Atenção: este texto contém spoilers!

Dumplin’ conta a história de Willowdean, muito bem interpretada pela atriz australiana Danielle Macdonald, uma adolescente do ensino médio que vive em uma pequena cidade no Texas e divide seu tempo entre o colégio, sua melhor amiga, um trabalho em uma lanchonete com aquela típica cara de estabelecimento norte-americano e um colega de trabalho charmoso. Até aí, nada de novo sob o sol: é exatamente assim que começam um punhado de comédias românticas adolescentes. O que a maioria esmagadora delas não tem é a protagonista gorda. Como bem pontua Danielle em uma entrevista para a Teen Vogue, “não é comum ver mulheres gordas, reais, em filmes. Nunca é a história delas”. Baseado no livro homônimo escrito por Julie Murphy publicado no Brasil pela editora Valentina em 2017, Dumplin’ se distancia dos filmes do gênero por trazer para o centro da história uma personagem fora do padrão cinematográfico de Hollywood e por desenvolver narrativas que não costumam ser associadas a ninguém que não seja magro, branco, cisgênero e heterossexual.

Logo de início somos apresentados à Will por uma série de flashbacks de sua infância que são a chave para sua personalidade no presente. É assim que conhecemos tia Lucy (Hilliary Begley), com quem Will passava a maior parte do tempo e se dava muito bem. Com ela, Will aprendeu a amar Dolly Parton, que tem uma presença forte e constante durante todo o filme, tanto na trilha sonora quanto na vida das personagens.
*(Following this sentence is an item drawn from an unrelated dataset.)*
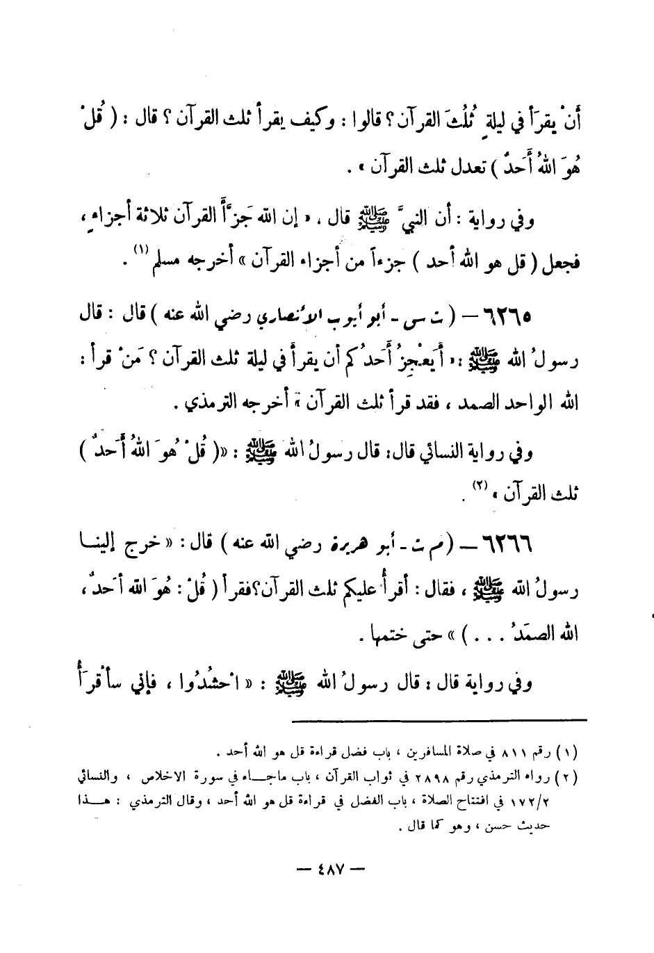 6265 - (ت س) أبو أيوب الأنصاري - رضي الله عنه - قال: قال رسولُ الله - صلى الله عليه وسلم-: «أَيَعْجِزُ أَحَدُكم أن يقرأَ في ليلة ثلث القرآن؟ مَنْ قرأ: الله الواحد الصمد، فقد قرأ ثلث القرآن» أخرجه الترمذي.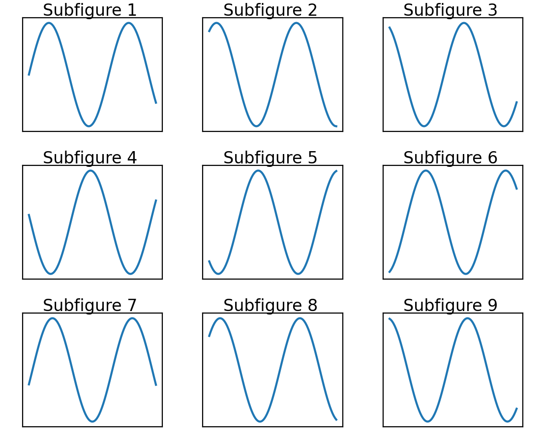 ax.plot(x, np.sin(x + i), label=f'Subfigure {i+1}')

E é com Lucy também que Will começa a construir sua própria relação com seu corpo e em um dos flashbacks, acompanhamos o apoio da tia na hora de lidar com comentários de outras crianças sobre sua aparência. Já no início, também, descobrimos que tia Lucy faleceu e sua morte deixou as coisas mais difíceis para Willowdean. Uma dessas coisas é o relacionamento com a mãe.

Rosie, a mãe de Will, é uma das peças mais importantes na construção da trama. Interpretada por Jennifer Aniston (uma escolha de elenco com a qual eu não consegui embarcar porque nada me tira da cabeça que esse seria um papel perfeito para Kristin Chenoweth), Rosie é ex-campeã de um popular concurso de beleza. Praticamente uma celebridade na pequena cidade em que as personagens vivem, ela carrega com orgulho a vitória dos tempos de garota e ainda está profundamente envolvida com a organização do concurso — o que, inevitavelmente, acaba envolvendo Will nesse universo. Isso é uma das coisas que faz com que o relacionamento entre mãe e filha seja complicado: Will nunca foi parte desse mundo em que sua mãe está tão inserida. Enquanto crescia fazendo festas temáticas de Dolly Parton com a tia, a mãe sempre esteve envolvida com outras coisas. Além de não terem muitos gostos em comum, existe a questão da aparência. Rosie se esforça para se manter no padrão de pessoa magra e impecavelmente composta de concursos de beleza e é esse padrão que ela coloca para a filha — não em um confronto direto, mas em comentários rotineiros, na comida deixada na geladeira e, é claro, no apelido: Dumplin’ é a forma como Rosie chama Will.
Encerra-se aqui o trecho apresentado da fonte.